Last week, the Obama administration launched the much anticipated data.gov website. The site allows citizens to download dozens of raw data files from various federal agencies. Over the coming weeks and months tens of thousands of new data sets will be added to the site, to create a comprehensive platform for data discovery, participation and engagement. The idea is to encourage programmers and others to make new applications, mashups and visualizations based on this data. However, in order to interrogate the data and uncover meaningful trends, business intelligence and analytical tools are necessary.

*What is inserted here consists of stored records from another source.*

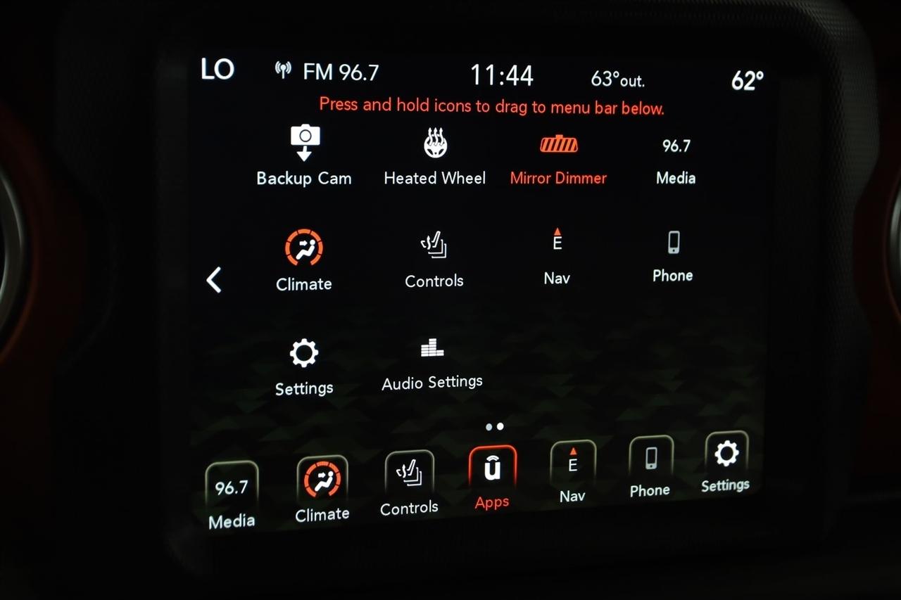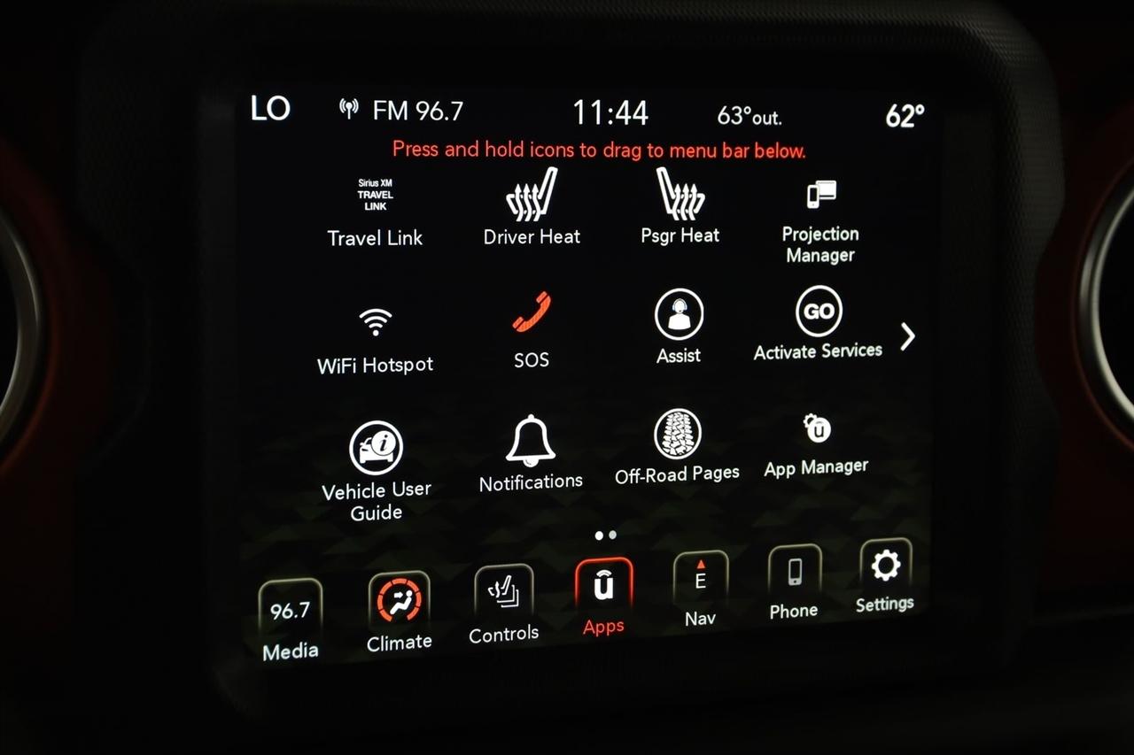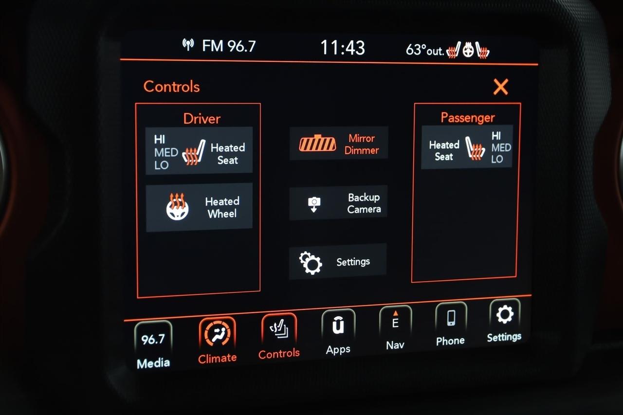 Navigation, Back Up Camera, Bluetooth, Sun/Moon Roof, Winch, Touch Screen, Heated Front Seats, Blind Spot, 1-Year SiriusXM Guardian Trial, 240 Amp Alternator, 4G LTE Wi-Fi Hot Spot, 5-Year SiriusXM Traffic Service, 5-Year SiriusXM Travel Link Service, 7 & 4 Pin Wiring Harness, 700 Amp Maintenance Free Battery, 8.4" Radio & Premium Audio Group, 8.4" Touchscreen Display, Advanced Brake Assist, Advanced Safety Group, Alpine Premium Audio System, Auto-Dimming Rear-View Mirror, Auxiliary Switches, Black 3-Piece Hard Top, Blind Spot & Cross Path Detection, Class II Receiver Hitch, Cold Weather Group, Daytime Running Lamps LED Accents, Dual Top Group, Emergency/Assistance Call, For Details, Visit DriveUconnect.com, Front LED Fog Lamps, Full Speed Forward Collision Warning Plus, GPS Navigation, HD Radio, Heated Front Seats, Heated Steering Wheel, LED Lighting Group, LED Reflector Headlamps, LED Taillamps, Navigation System, ParkSense Rear Park Assist System, Premium Black Sunrider Soft Top w/Dual Top Group, Quick Order Package 23R, Radio: Uconnect 4C Nav w/8.4" Display, Safety Group, SiriusXM Traffic Plus, SiriusXM Travel Link, Steel Bumper Group, Steel Front Bumper, Steel Rear Bumper, Trailer Tow & HD Electrical Group.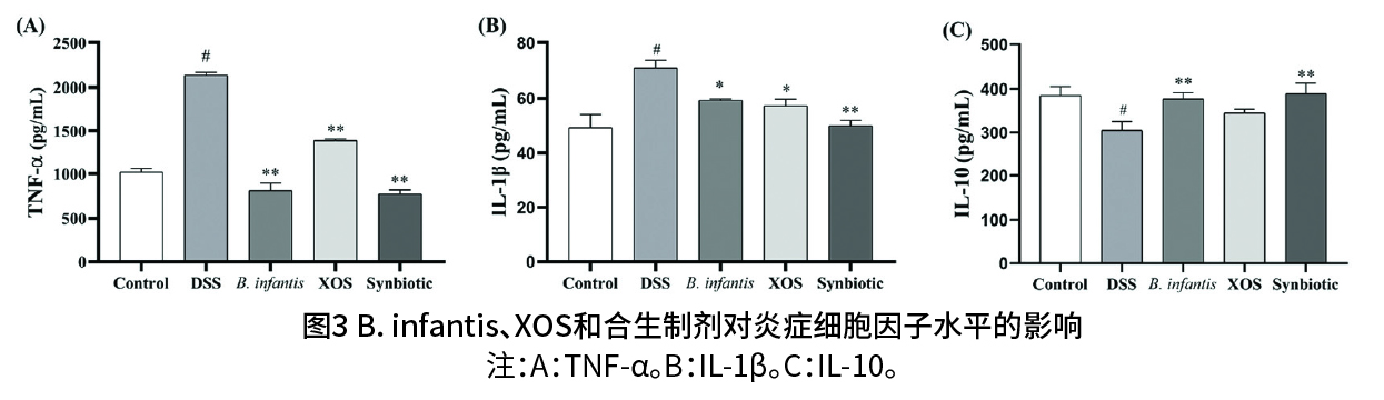 (3)B. infantis、XOS和合生制剂对炎症细胞因子水平的影响 如图3所示,与DSS组相比,B. infantis组、XOS组和Synbiotic组的结肠炎症细胞因子(TNF-α和IL-1β)水平显著降低,Synbiotic组的结肠TNF-α水平最低,Synbiotic组对结肠IL-1β水平增加的抑制作用明显高于B. infantis组和XOS组;与Control组相比,DSS组的结肠IL-10水平显著降低,B. infantis组和Synbiotic组显著逆转了结肠IL-10的下降。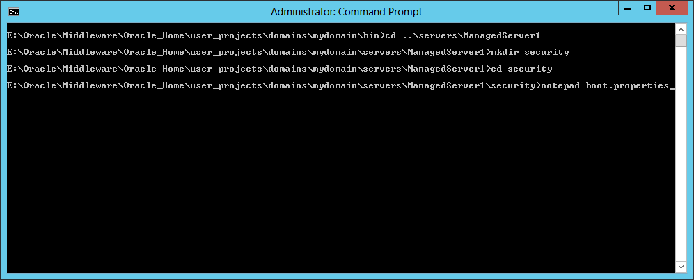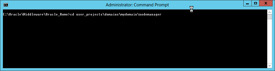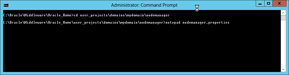 Fig. 074 Go to the domain's node manager directory e.g. from the oracle_home, cd user_projects\mydomain\nodemanager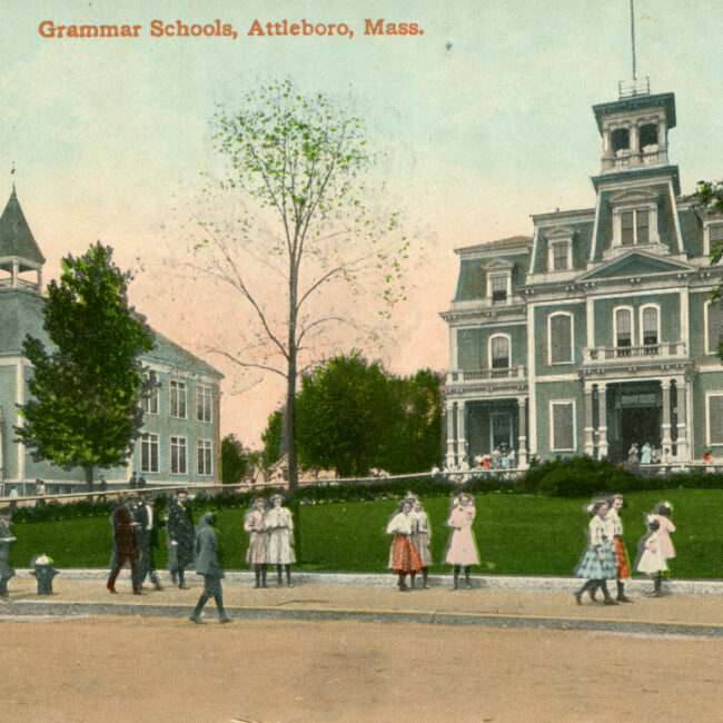 Transcription: Postmarked: History and Notes: Context: Main Image: The postcard features a vibrant colored illustration of Grammar Schools in Attleboro, Massachusetts. Details: Architecture: There are...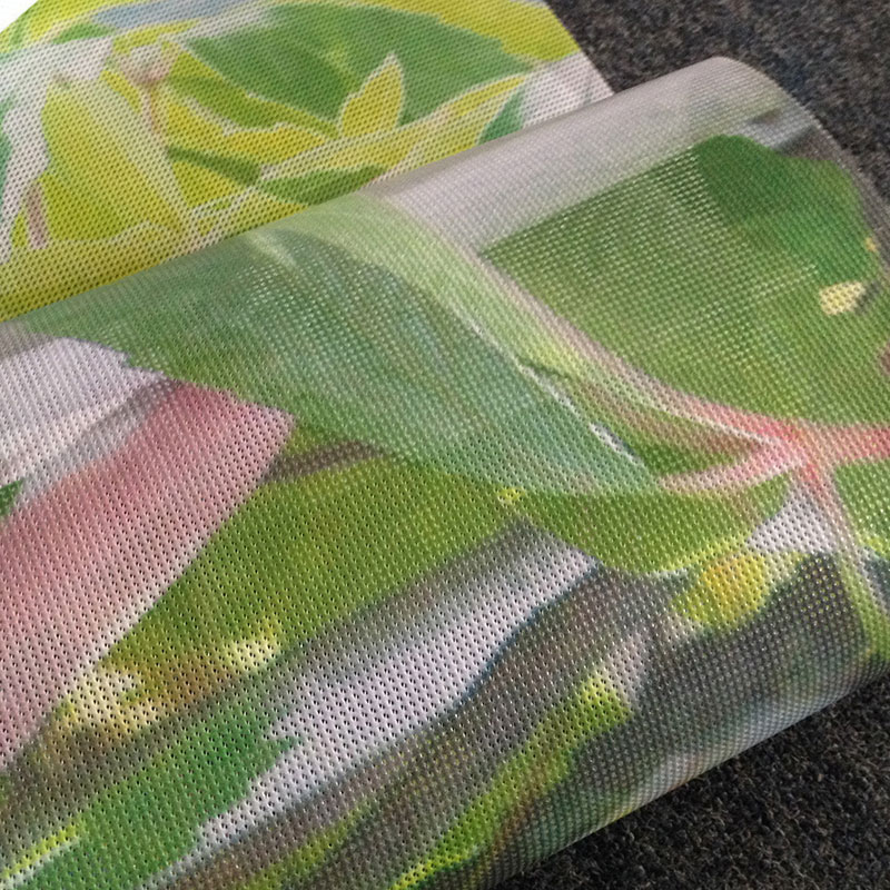 應用:商場中庭懸掛廣告,樓體防風廣告,裝飾藝術窗簾。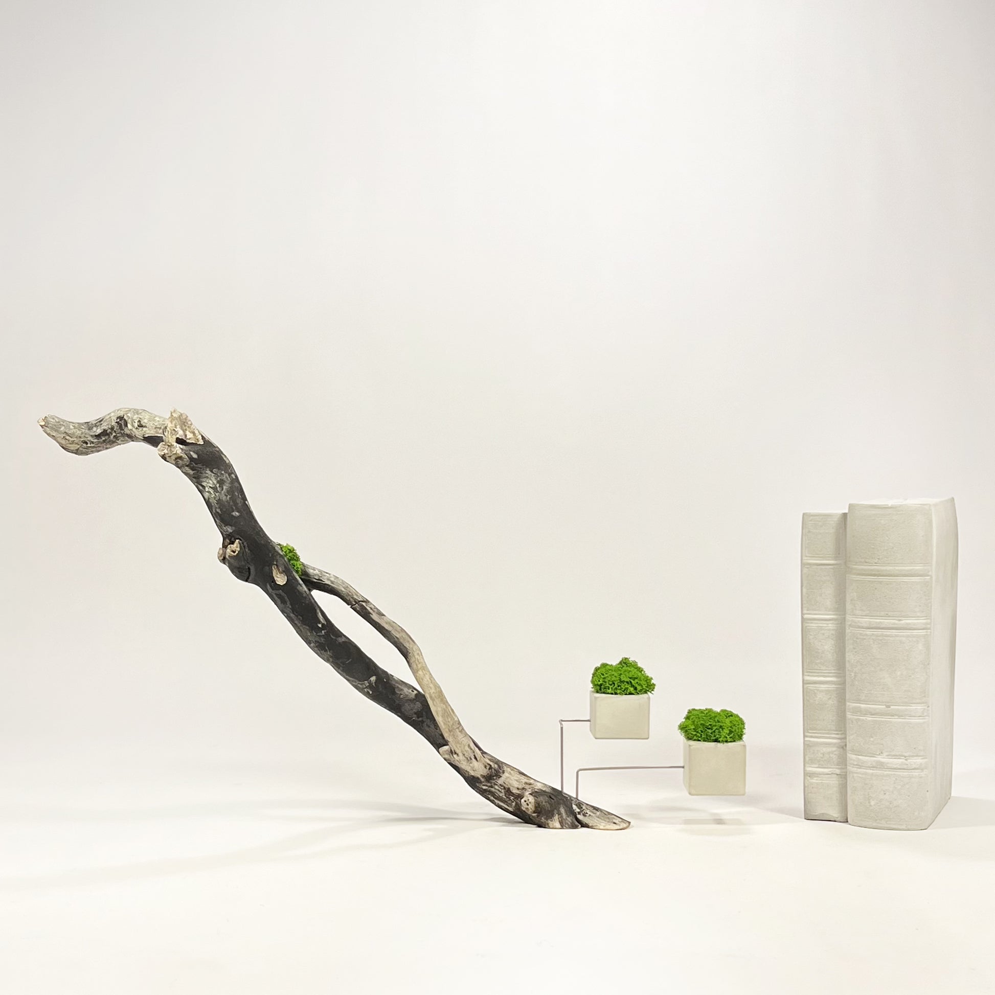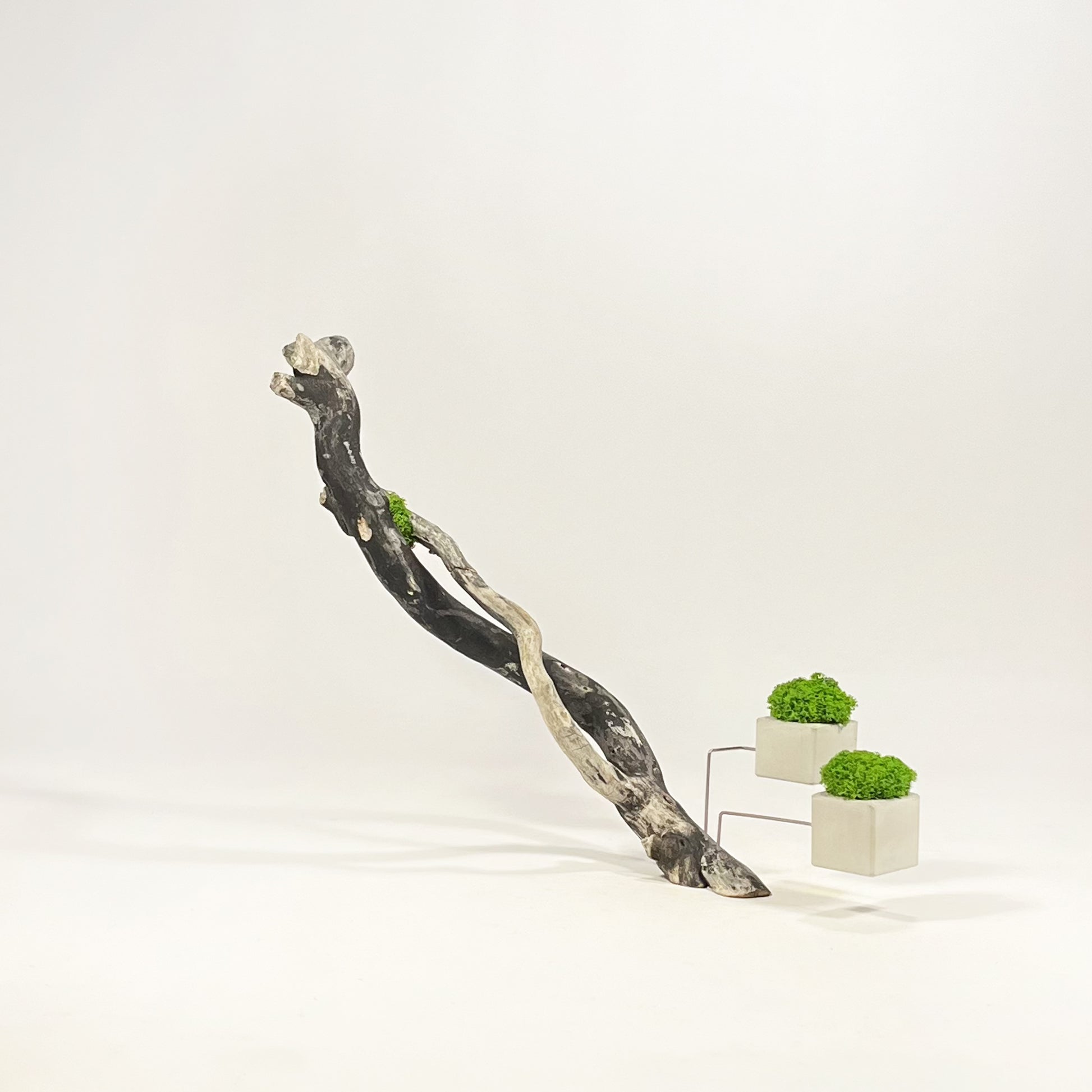 Legni di mare, acciaio, muschio stabilizzato (Moss) e forme geometriche in cemento fungono da rispettivi contrappesi in un gioco di equilibrio tra naturale ed artificiale dove a vincere è solo la forza di gravità.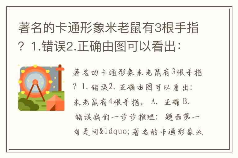 著名的卡通形象米老鼠有3根手指?1.错误2.正确由图可以看出:米老鼠有4根手指。 A. 正确 B. 错误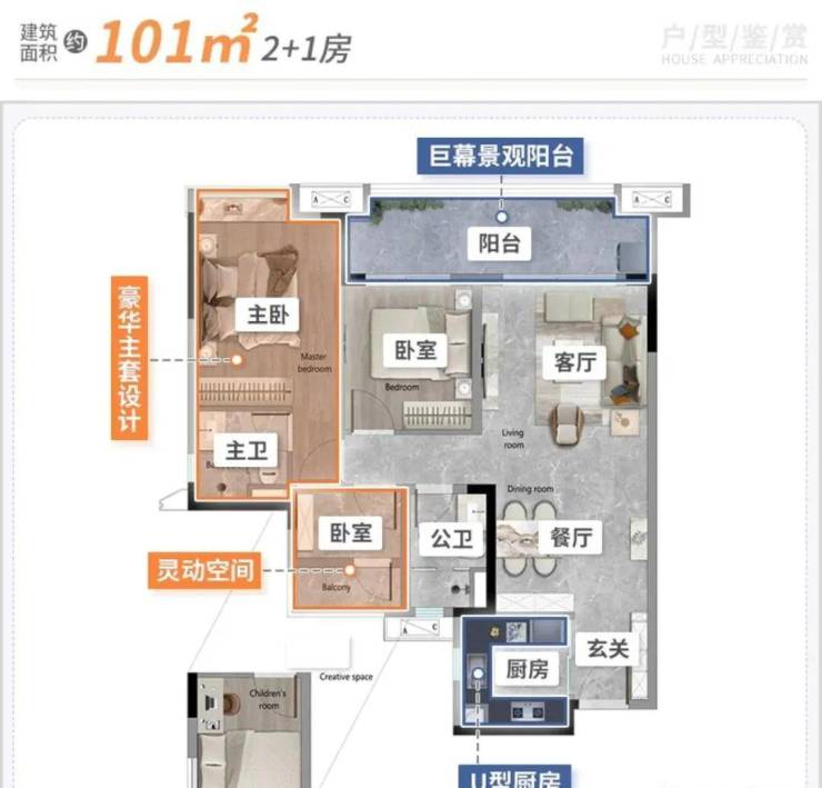 建面101平三房,经典竖厅设计,全屋动静分离,宽景大阳台,主卧套房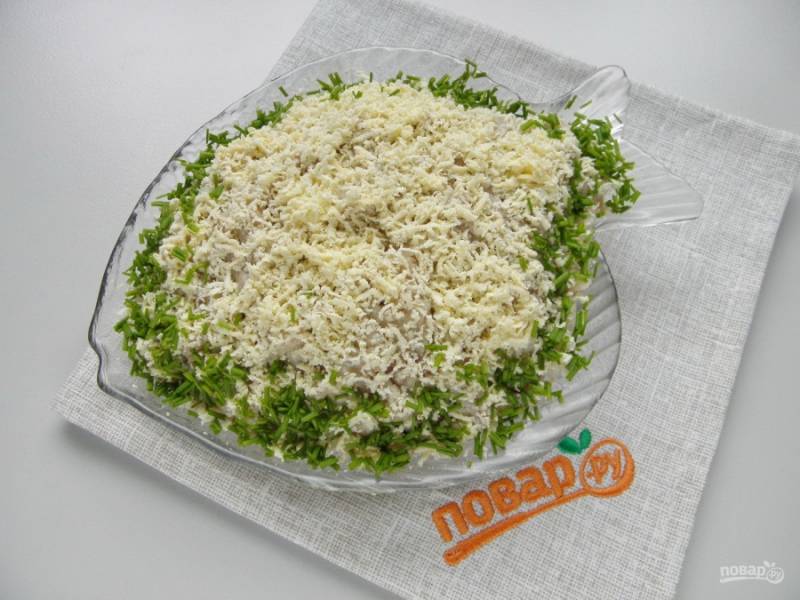 Украсьте тертым желтком и рубленным луком. Подавайте закуску охлажденной. Приятного!

Data analysis: The public knows best
The obvious question is why these datasets are being made available without context or visualisation. Making millions of lines of raw data available on a web site is not necessarily transparency. Effective transparency requires data to be provided in ways that can be understood and acted upon. The government, however, is relying on the public to contextualise the data and narrate their own stories based on this.
Clay Johnson from the Sunlight Foundation makes some good points about why visualisations of the data should be left to the public.
There are various online solutions available to analyse and visualize raw datasets. These include Swivel, Google Spreadsheet, IBM's manyeyes and SAP's BusinessObjects Explorer onDemand.
With the development of data.gov I decided to try out some of these tools to see how BusinessObjects Explorer onDemand compared. Unfortunately, many of the csv files on Data.gov are greater than the 5MB BusinessObjects Explorer file limit, and so I used a dataset from the District of Columbia's data catalog. This data catalog was used as the inspiration for Data.gov as the US Federal CIO Vivek Kundra was previously the CTO for the District of Columbia.
The dataset I used related to Purchase card transactions for calendar year 2009. This is a relatively common set of data that many organisations analyse on a frequent basis. I uploaded the data file (.csv) and used Explorer to create the analysis shown below.
Extra functionality for BusinessObjects Explorer
The onDemand application of BusinessObjects Explorer gives a good indication of the product functionality. While I appreciate BusinessObjects Explorer is not touted as a consumer based Web2.0 application, it could be improved to include extra functionality exemplified in other applications such as Swivel and Google Spreadsheet. Given that more and more raw data is going to be released by governments around the world it would be useful for SAP to develop a more consumer centric onDemand BI application. This could compete with servces such as Swivel and Google.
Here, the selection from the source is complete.